You can "weight" the ATR by using a multiplier. For example, a person screening candidates for a high-tech position might want to select only those people who have an IQ that is 2 standard deviations above the norm. The most popular IQ test for adults has a standard deviation of 15 points with the norm set at 100. Therefore, those that have an IQ two standard deviations above the norm have an IQ of 130. The ATR Stops calculator uses the ATR rather than the standard deviation, but the ATR measurement of stock volatility can be multiplied in the same way. In ATR Stops, the multiplier does not have to be an integer. For example, 1.35, 2, 2.46, 3, 1.9, and .82 could all be acceptable entries for cell C-3.

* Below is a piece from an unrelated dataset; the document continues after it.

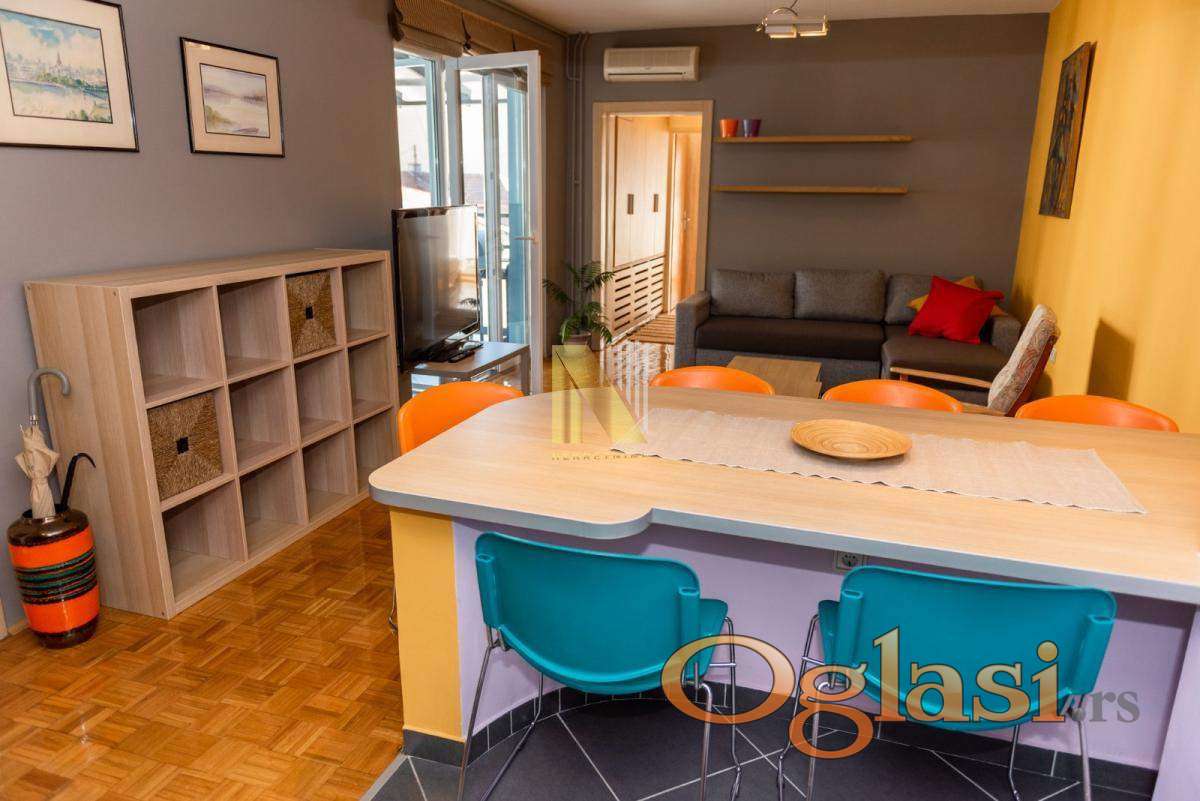 Komplet kuhinja, dve spavaće sobe, dnevna soba, trpezarija i dve terase.

When you enter your settings for calculating the ATR stop loss, the calculation will be applied to all stocks in the database (see rows 9 to 6000+) in your downloaded spreadsheet. Since it is highly probable that all stocks in your portfolio are included in this database, your chosen parameters will be most likely be applied simultaneously to all the stocks in your portfolio. You can then scroll up or down to find the stop loss setting for each of your stocks.

However, it is not necessary to scroll. For example, you may enter a stock's symbol in cell D-1. The settings for that stock will appear in the light blue strip in rows 6 and 7. If nothing appears, it means the symbol entered is not recognized by the calculator. Scroll down, find the stock, and note the symbol used by the calculator. Enter that symbol, and the data will appear in the blue strip. The calculator sometimes requires an extender. For example, it will require the symbol for Intel to be entered as INTC.O rather than as simply INTC. The ".O" means it is listed on the Nasdaq. Sometimes the calculator requires a ".K" (for some, but not all, NYSE listed stocks). For example, a stock with a 4-letter symbol that is listed on the NYSE would require a ".K" extender, but stocks like IBM do not usually require an extender. "Pink Sheet" stocks require a ".PK" extender.

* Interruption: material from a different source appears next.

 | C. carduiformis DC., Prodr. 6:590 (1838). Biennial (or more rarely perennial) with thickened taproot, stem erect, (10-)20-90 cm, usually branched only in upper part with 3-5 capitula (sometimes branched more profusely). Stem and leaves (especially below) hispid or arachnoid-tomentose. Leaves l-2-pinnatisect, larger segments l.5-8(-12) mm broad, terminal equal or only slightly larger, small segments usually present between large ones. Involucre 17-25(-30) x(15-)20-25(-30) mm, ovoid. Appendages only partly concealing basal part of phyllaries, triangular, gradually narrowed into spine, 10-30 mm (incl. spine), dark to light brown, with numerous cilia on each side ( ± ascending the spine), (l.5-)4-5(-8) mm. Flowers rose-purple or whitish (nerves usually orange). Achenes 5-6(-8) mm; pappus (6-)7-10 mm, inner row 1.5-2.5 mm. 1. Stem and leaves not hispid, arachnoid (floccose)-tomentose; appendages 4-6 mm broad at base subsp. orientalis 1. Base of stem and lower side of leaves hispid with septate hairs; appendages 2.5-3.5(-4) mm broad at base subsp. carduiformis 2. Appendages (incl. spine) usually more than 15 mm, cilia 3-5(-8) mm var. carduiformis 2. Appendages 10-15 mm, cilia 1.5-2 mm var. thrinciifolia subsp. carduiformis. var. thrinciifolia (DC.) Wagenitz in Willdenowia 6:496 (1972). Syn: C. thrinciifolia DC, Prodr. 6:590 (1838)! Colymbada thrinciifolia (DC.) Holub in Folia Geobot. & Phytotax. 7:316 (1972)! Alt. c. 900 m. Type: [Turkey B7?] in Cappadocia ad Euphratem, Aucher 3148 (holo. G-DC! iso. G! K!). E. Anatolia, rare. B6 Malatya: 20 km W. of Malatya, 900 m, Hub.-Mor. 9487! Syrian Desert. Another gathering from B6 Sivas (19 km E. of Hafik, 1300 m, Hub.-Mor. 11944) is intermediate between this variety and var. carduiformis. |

Each day, before you download the ATR Stops calculator, check the "Stock Market Review" page of our site to see if the current date is posted in the first paragraph under "Comments." If that date is not current, the calculator has not yet been updated. You can also check the date in cell C-4 of the calculator.  The data used by the calculator was accumulated after the close of market on the date posted in cell C-4.

This tool is extremely easy to operate.  It is fast, does the calculating for you, and uses Wilder's equations for calculating stop losses.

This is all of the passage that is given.